_WHAT TO WORK ON_.
The entries that follow should be repeated exactly, with no pictures kept.

[Dataset entries]
______

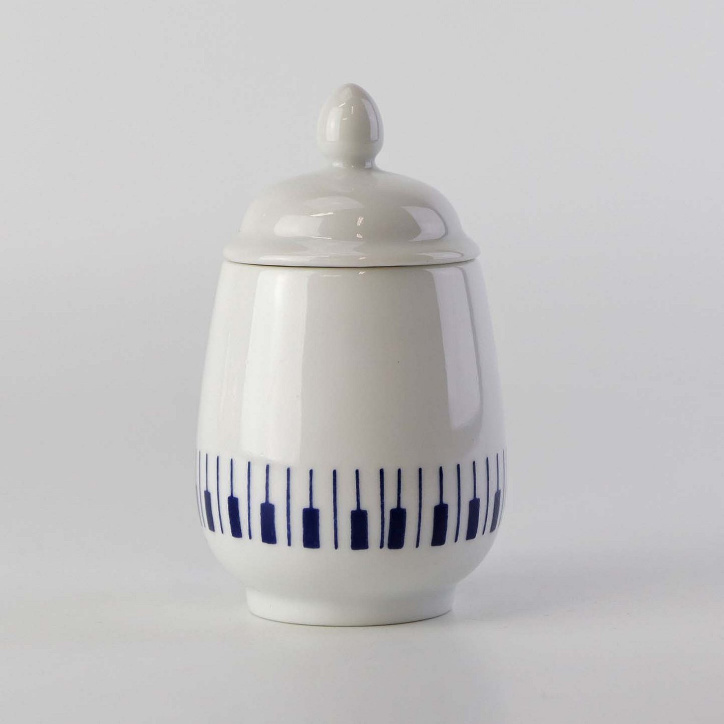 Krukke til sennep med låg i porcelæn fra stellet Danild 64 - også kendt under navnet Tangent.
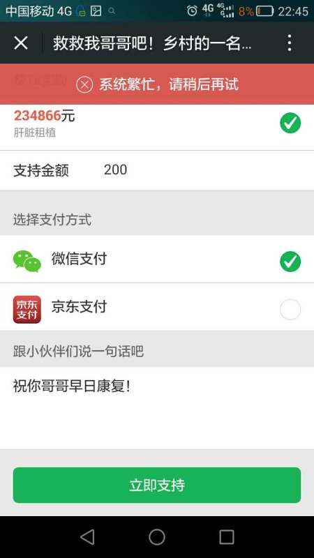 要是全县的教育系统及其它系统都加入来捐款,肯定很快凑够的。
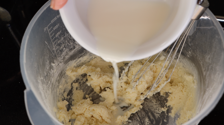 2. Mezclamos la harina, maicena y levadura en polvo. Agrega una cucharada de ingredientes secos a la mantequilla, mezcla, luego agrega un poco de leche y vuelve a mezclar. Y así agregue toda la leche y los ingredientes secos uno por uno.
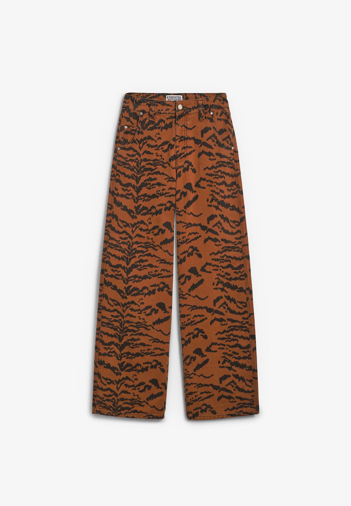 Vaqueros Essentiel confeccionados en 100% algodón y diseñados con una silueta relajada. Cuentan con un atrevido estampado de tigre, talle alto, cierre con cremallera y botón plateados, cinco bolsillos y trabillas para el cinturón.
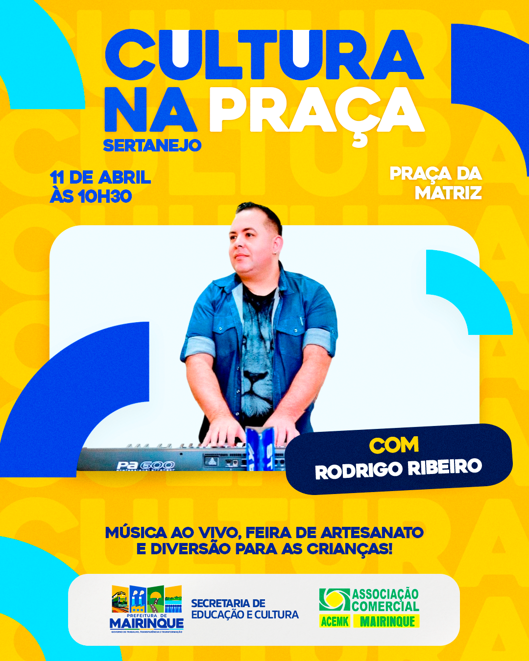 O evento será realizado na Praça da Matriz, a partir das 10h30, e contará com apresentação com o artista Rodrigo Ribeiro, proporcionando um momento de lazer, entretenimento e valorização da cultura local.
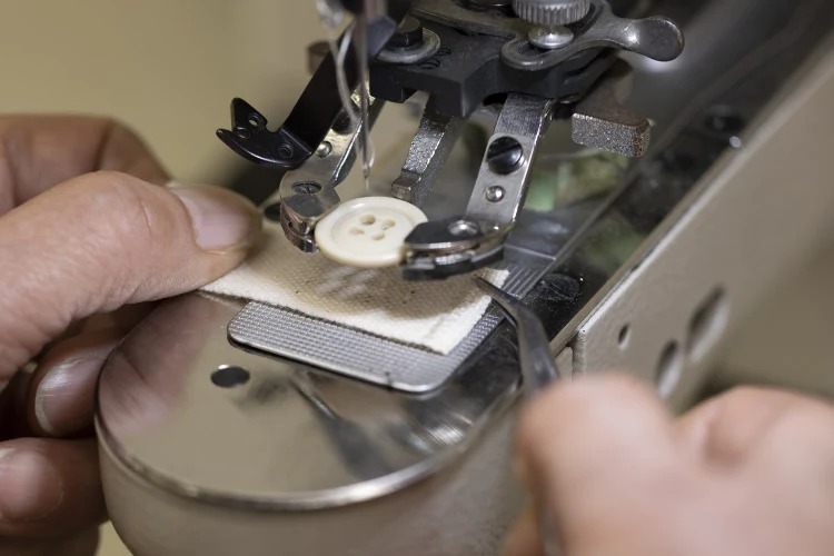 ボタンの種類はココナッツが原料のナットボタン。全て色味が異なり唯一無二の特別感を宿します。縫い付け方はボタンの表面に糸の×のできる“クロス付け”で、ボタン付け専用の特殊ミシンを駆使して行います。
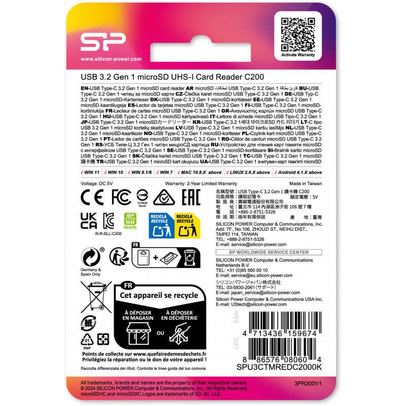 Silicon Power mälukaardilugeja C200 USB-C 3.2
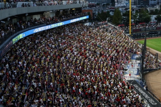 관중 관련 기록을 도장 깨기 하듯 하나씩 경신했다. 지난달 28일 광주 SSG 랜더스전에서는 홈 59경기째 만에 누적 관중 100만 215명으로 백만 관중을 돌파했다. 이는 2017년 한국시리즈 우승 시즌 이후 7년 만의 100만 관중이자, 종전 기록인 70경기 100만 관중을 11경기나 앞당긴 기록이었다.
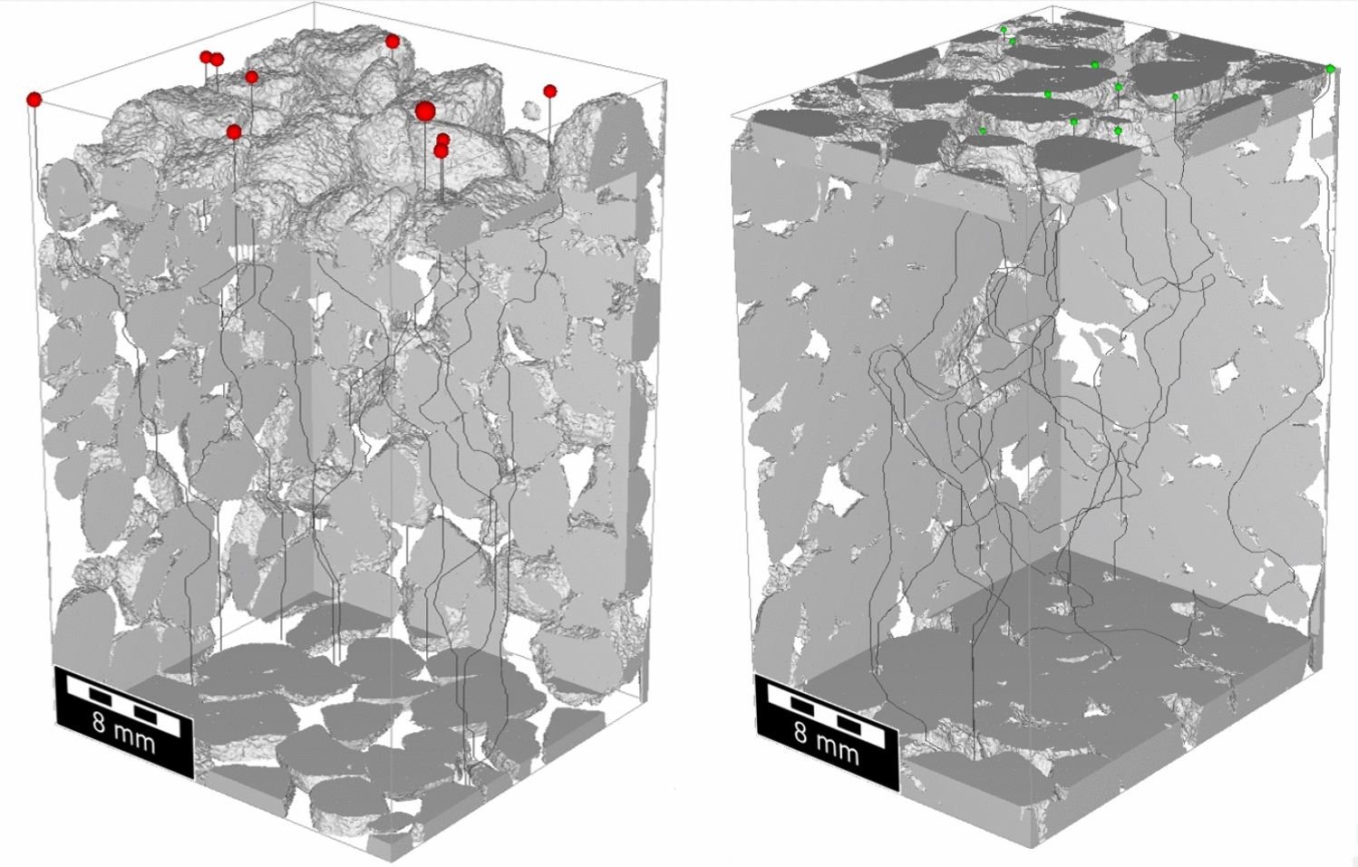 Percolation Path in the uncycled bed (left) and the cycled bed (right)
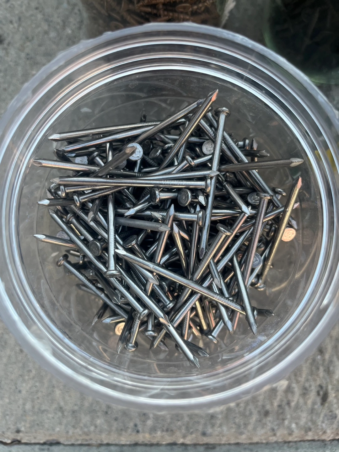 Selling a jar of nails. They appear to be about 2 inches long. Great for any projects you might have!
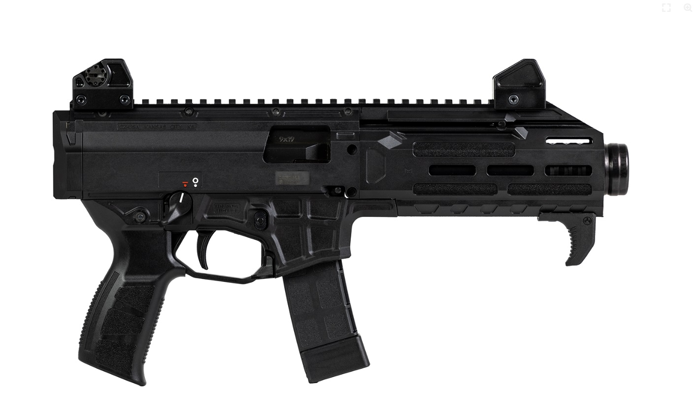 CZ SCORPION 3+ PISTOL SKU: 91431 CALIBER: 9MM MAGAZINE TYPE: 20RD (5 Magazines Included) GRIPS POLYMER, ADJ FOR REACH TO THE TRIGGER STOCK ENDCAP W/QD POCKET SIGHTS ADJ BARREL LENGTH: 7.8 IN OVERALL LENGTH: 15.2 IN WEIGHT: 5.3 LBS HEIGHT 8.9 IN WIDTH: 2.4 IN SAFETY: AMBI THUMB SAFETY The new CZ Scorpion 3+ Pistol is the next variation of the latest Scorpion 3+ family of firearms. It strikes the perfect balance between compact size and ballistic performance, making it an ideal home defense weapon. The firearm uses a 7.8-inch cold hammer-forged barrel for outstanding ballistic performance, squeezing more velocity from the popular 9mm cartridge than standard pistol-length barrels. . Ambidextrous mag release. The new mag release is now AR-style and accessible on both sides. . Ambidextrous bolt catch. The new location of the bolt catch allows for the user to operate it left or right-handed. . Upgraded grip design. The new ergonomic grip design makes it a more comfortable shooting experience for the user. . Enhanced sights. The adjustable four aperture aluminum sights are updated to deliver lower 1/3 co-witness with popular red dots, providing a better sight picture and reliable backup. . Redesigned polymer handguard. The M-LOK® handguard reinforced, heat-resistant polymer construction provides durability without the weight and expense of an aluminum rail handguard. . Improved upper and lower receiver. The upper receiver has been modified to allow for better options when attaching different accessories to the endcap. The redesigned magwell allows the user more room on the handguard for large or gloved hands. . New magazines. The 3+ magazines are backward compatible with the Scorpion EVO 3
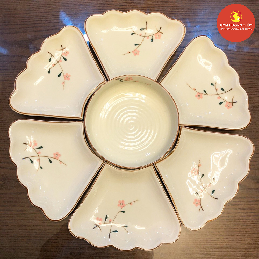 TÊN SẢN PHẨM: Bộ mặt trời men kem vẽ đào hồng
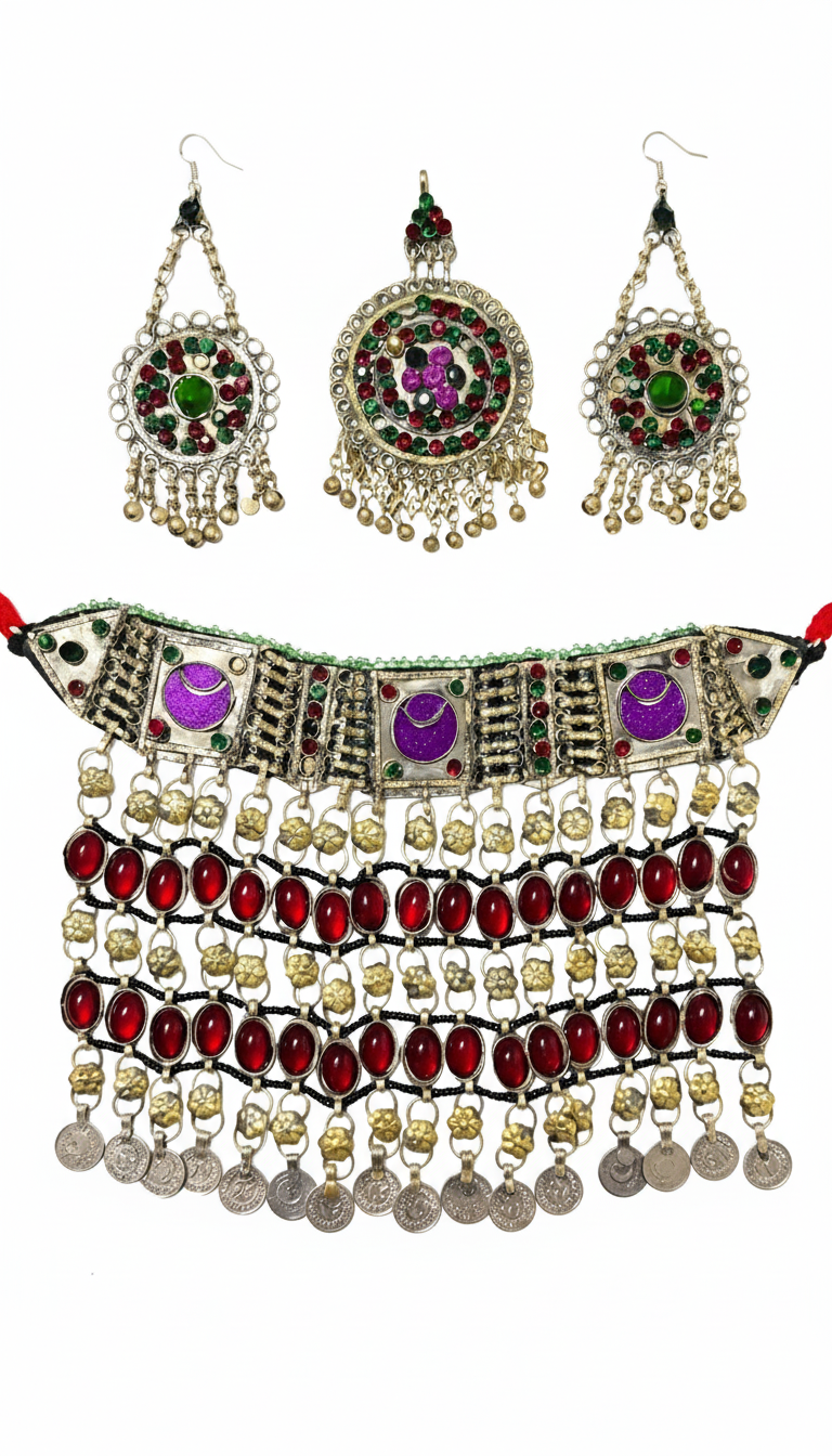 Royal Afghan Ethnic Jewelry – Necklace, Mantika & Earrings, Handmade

______

_SOLUTION_.
 Krukke til sennep med låg i porcelæn fra stellet Danild 64 - også kendt under navnet Tangent.
 要是全县的教育系统及其它系统都加入来捐款,肯定很快凑够的。
 2. Mezclamos la harina, maicena y levadura en polvo. Agrega una cucharada de ingredientes secos a la mantequilla, mezcla, luego agrega un poco de leche y vuelve a mezclar. Y así agregue toda la leche y los ingredientes secos uno por uno.
 Vaqueros Essentiel confeccionados en 100% algodón y diseñados con una silueta relajada. Cuentan con un atrevido estampado de tigre, talle alto, cierre con cremallera y botón plateados, cinco bolsillos y trabillas para el cinturón.
 O evento será realizado na Praça da Matriz, a partir das 10h30, e contará com apresentação com o artista Rodrigo Ribeiro, proporcionando um momento de lazer, entretenimento e valorização da cultura local.
 ボタンの種類はココナッツが原料のナットボタン。全て色味が異なり唯一無二の特別感を宿します。縫い付け方はボタンの表面に糸の×のできる“クロス付け”で、ボタン付け専用の特殊ミシンを駆使して行います。
 Silicon Power mälukaardilugeja C200 USB-C 3.2
 관중 관련 기록을 도장 깨기 하듯 하나씩 경신했다. 지난달 28일 광주 SSG 랜더스전에서는 홈 59경기째 만에 누적 관중 100만 215명으로 백만 관중을 돌파했다. 이는 2017년 한국시리즈 우승 시즌 이후 7년 만의 100만 관중이자, 종전 기록인 70경기 100만 관중을 11경기나 앞당긴 기록이었다.
 Percolation Path in the uncycled bed (left) and the cycled bed (right)
 Selling a jar of nails. They appear to be about 2 inches long. Great for any projects you might have!
 CZ SCORPION 3+ PISTOL SKU: 91431 CALIBER: 9MM MAGAZINE TYPE: 20RD (5 Magazines Included) GRIPS POLYMER, ADJ FOR REACH TO THE TRIGGER STOCK ENDCAP W/QD POCKET SIGHTS ADJ BARREL LENGTH: 7.8 IN OVERALL LENGTH: 15.2 IN WEIGHT: 5.3 LBS HEIGHT 8.9 IN WIDTH: 2.4 IN SAFETY: AMBI THUMB SAFETY The new CZ Scorpion 3+ Pistol is the next variation of the latest Scorpion 3+ family of firearms. It strikes the perfect balance between compact size and ballistic performance, making it an ideal home defense weapon. The firearm uses a 7.8-inch cold hammer-forged barrel for outstanding ballistic performance, squeezing more velocity from the popular 9mm cartridge than standard pistol-length barrels. . Ambidextrous mag release. The new mag release is now AR-style and accessible on both sides. . Ambidextrous bolt catch. The new location of the bolt catch allows for the user to operate it left or right-handed. . Upgraded grip design. The new ergonomic grip design makes it a more comfortable shooting experience for the user. . Enhanced sights. The adjustable four aperture aluminum sights are updated to deliver lower 1/3 co-witness with popular red dots, providing a better sight picture and reliable backup. . Redesigned polymer handguard. The M-LOK® handguard reinforced, heat-resistant polymer construction provides durability without the weight and expense of an aluminum rail handguard. . Improved upper and lower receiver. The upper receiver has been modified to allow for better options when attaching different accessories to the endcap. The redesigned magwell allows the user more room on the handguard for large or gloved hands. . New magazines. The 3+ magazines are backward compatible with the Scorpion EVO 3
 TÊN SẢN PHẨM: Bộ mặt trời men kem vẽ đào hồng
 Royal Afghan Ethnic Jewelry – Necklace, Mantika & Earrings, Handmade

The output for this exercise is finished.